I want to remove all lines that contain all words in the 'xml_lines' list. I created this script:
from pathlib import Path
# Provide relative or absolute file path to your xml file
filename = './.content.xml'
path = Path(filename)
conntents = path.read_text()
xml_lines = [
'first',
'second',
]
lines = conntents.splitlines()
removed_lines = 0
for line in lines:
for xml_line in xml_lines:
if xml_line in line:
lines.remove(line)
removed_lines += 1
print(f'Line: "{line.strip()}" has been removed!')
print(f"\n\n{removed_lines} lines have been removded!")

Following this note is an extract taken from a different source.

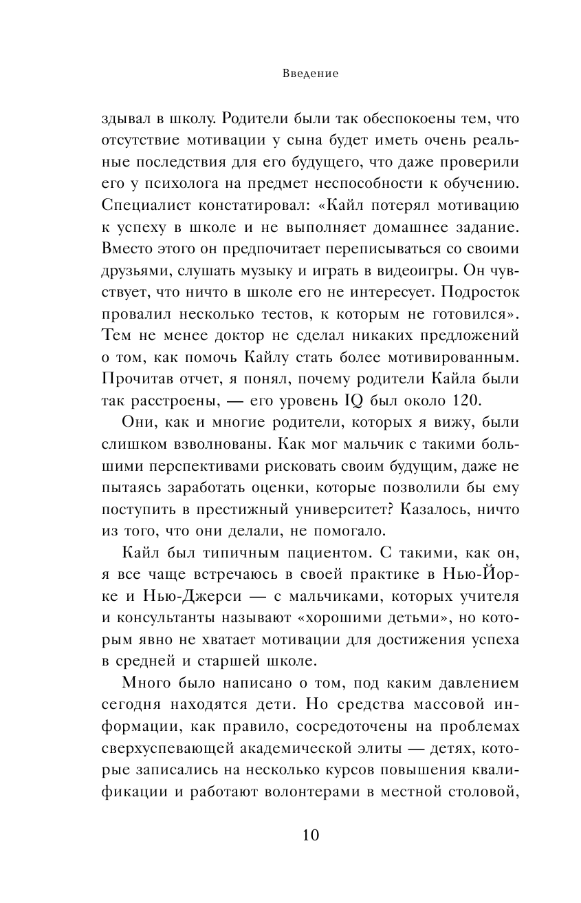 Ваш сын не аттестован в четверти? А вместо того, чтобы готовиться к контрольной, он уткнулся в телефон? «Ему как будто все равно. Он совсем не понимает, что сейчас важно», — сокрушаются родители. И в кого он такой лентяй? Но дело совсем не в лени, убежден эксперт по проблемам школьной успеваемости, психолог Адам Прайс. Так подросток справляется со стрессом. И вместо того, чтобы бросать себе вызов, учиться на ошибках и продолжать бороться за лучшие оценки, он сдается и теряет мотивацию. В книге вы найдете практики, которые позволят наладить контакт с ребенком, помогут сыну справиться с тревогой, поверить в свои способности и повысить мотивацию и интерес к учебе.

path.write_text(str(lines))
At the and I have a file that does not look like xml. Can anyone help?
Example (before):
<?xml version="1.0"?>
<data>
<country
name="Liechtenstein"
first="2d2md"
second="m3d39d93">
<rank updated="yes">2</rank>
<year>2008</year>
<gdppc>141100</gdppc>
<neighbor name="Austria" direction="E"/>
<neighbor name="Switzerland" direction="W"/>
</country>
<tiger
name="Singapore"
first="hfdfherbre"
second="m3d39d93">
<rank updated="yes">5</rank>
<year>2011</year>
<gdppc>59900</gdppc>
<neighbor name="Malaysia" direction="N"/>
</tiger>
<car
name="Panama"
first="th54b4"
second="45b45gt45h">
<rank updated="yes">69</rank>
<year>2011</year>
<gdppc>13600</gdppc>
<neighbor name="Costa Rica" direction="W"/>
<neighbor name="Colombia" direction="E"/>
</car>
</data>
if script finds any line that contain 'first' or 'second', the entire line should be removed:
<?xml version="1.0"?>
<data>
<country
name="Liechtenstein"
>
<rank updated="yes">2</rank>
<year>2008</year>
<gdppc>141100</gdppc>
<neighbor name="Austria" direction="E"/>
<neighbor name="Switzerland" direction="W"/>
</country>
<tiger
name="Singapore"
>
<rank updated="yes">5</rank>
<year>2011</year>
<gdppc>59900</gdppc>
<neighbor name="Malaysia" direction="N"/>
</tiger>
<car
name="Panama">
>
<rank updated="yes">69</rank>
<year>2011</year>
<gdppc>13600</gdppc>
<neighbor name="Costa Rica" direction="W"/>
<neighbor name="Colombia" direction="E"/>
</car>
</data>
This is only an example, entire xml file consists of 9999999 lines...